Gustav-Adolf "Täve" Schur (born 23 February 1931) is a former East German cyclist. He was born in Heyrothsberge, Saxony. His sporting career began with SC DHfK Leipzig. He was the first German to win the amateur competition of the World Cycling Championships and the Peace Race. Between 1959 and 1990 Schur was a member of the Volkskammer, the East German parliament.

Life 

"Täve" Schur (a shortening of Gustav) grew up near Magdeburg. He only took up cycling aged 19 and won the highest honors an amateur cyclist could reach. Schur won the East German championships 6 times in that period and won the GDR tour 4 times. In 1953 he had a great stake in East Germany winning the blue jersey of the best team at the Peace Race.

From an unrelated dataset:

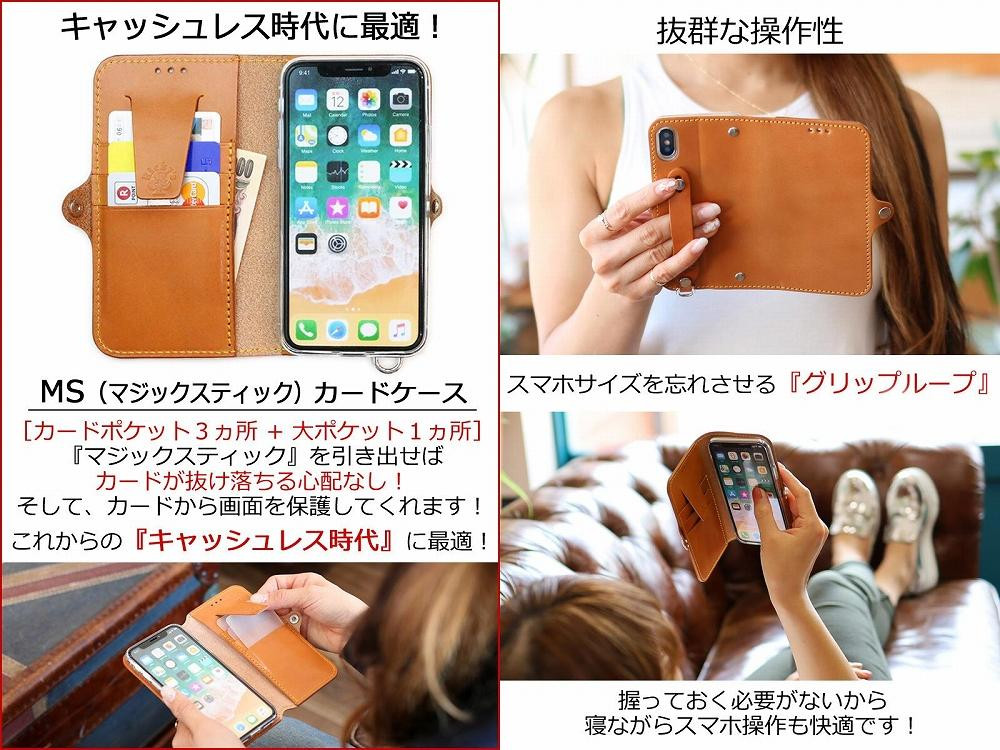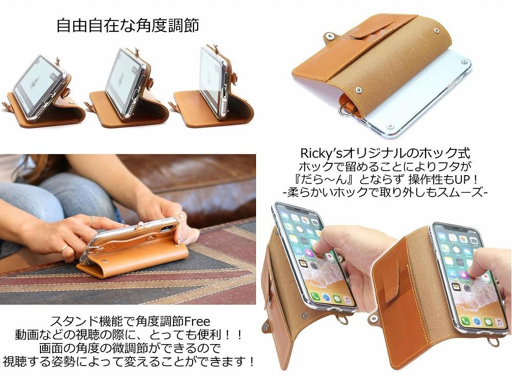 スタンド機能・グリップループ・MSカードポケットなど他のレザーケースには無いオリジナル仕様、某有名ECサイトでは栃木レザースマホケースと言えば Ricky’s Leather と言われるほど人気アイテムです。

His real breakthrough came in 1955, however, when he was the first East German to win the Peace Race, considered the most prestigious amateur stage race. Schur won the Peace Race once more in 1959.

As a member of the United Team of Germany he won a bronze medal in the team time trial at the 1956 Summer Olympics in Melbourne and a silver medal at the 1960 Summer Olympics in Rome, at a time when the impact East Germany would have in later Olympic Games was not foreseen yet. Between 1955 and 1963 Schur studied at the DHfK Leipzig and finished with a diploma as coach. In late 1950s Schur was at the height of his form, as proven by his two wins at the amateur road race at the road world championships in 1958 and 1959, he was the first amateur to defend his title.

Schur reached the summit of his popularity by not winning, however: At the 1960 UCI Road World Championships that took place at the Sachsenring, Schur was favorite to defend his title again, but instead he let his teammate Bernhard Eckstein pass who eventually won the race. This selfless gesture capped Schur's myth, the dimensions of which can be sensed if one considers the results of a survey conducted after the end of East Germany: here Schur was voted greatest East German sports personality of all time, 25 years after ending his career. Schur was selected as East-German Sportspersonality of the Year nine times in a row from 1953 to 1961. His son Jan (born 1962) won an Olympic gold medal in the team trial at the 1988 Summer Olympics, together with Uwe Ampler, Mario Kummer and Maik Landsmann.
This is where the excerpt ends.